The Power of Wishful Thinking

Tim Harford writes a great column (The Undercover Economist) for the Financial Times.  This weekend's essay is titled, "Brexit and the Power of Wishful Thinking."   He derives an important lesson from the widespread Brexit analysis about the way we adhere to our preexisting beliefs.   

Harford begins by describing an experimental study conducted by Guy Mayraz.  In this research, Mayraz asks research subjects to predict the future price of wheat.   He first provides participants with 3 months worth of historical wheat price data.  He informs the subjects that they will be paid based on the accuracy of their forecasts.   Mayraz assigns 1/2 of the participants to play the role of a farmer, while the other 1/2 of the subjects play the role of the baker.  What happens?  According to Harford, "Nearly two-thirds of farmers predicted higher-than-average prices, and nearly two-thirds of bakers predicted lower-than-average prices.  People tended to predict that their dreams would come true."    Harford then draws a connection to the Brexit situation.   He argues that Remain supporters engaged in rampant wishful thinking leading up to the vote by they British public.  People tended to forecast that their dreams would come true, rather than looking objectively at the situation. 

Similarly, Harford argues that many people have displayed confirmation bias in their post-vote analysis.  He counts himself as one of the culprits.  Harford explains that he looked at the drop in the value of the pound and the decrease in the FTSE 100 index as support for his preexisting view that Brexit would have a painful impact on the UK economy.  On the other hand, he dismissed the subsequent stock market rebound because it did not support his position.  "I accepted bad news when it chimed with my beliefs, and dismissed good news when it did not." 
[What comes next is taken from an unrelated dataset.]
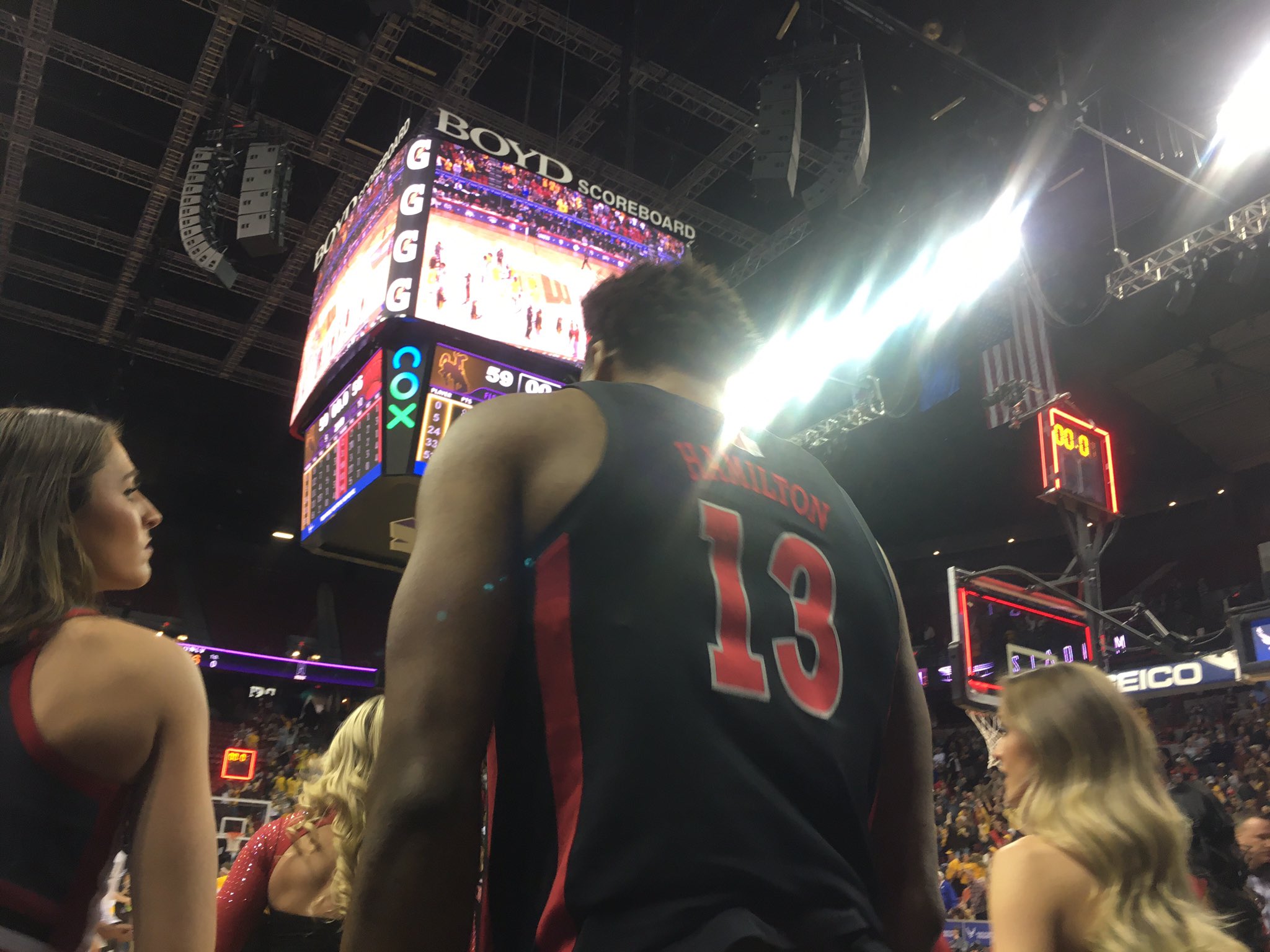 Hamilton missed a potential game-tying three-point shot at the buzzer and the men’s season ended with a record of 18-14. LVSportsBiz.com was there to photograph a disappointed Hamilton.

What should we do about this wishful thinking and confirmation bias?   Harford advocates for scenario planning rather than to construct single forecasts.   Harford writes, "Because scenarios are persuasive stories, they can help us face up to uncomfortable prospects and think clearly about possibilities we would rather ignore.  And because scenarios contradict each other, they force us to acknowledge that, in the end, we cannot actually see into the future."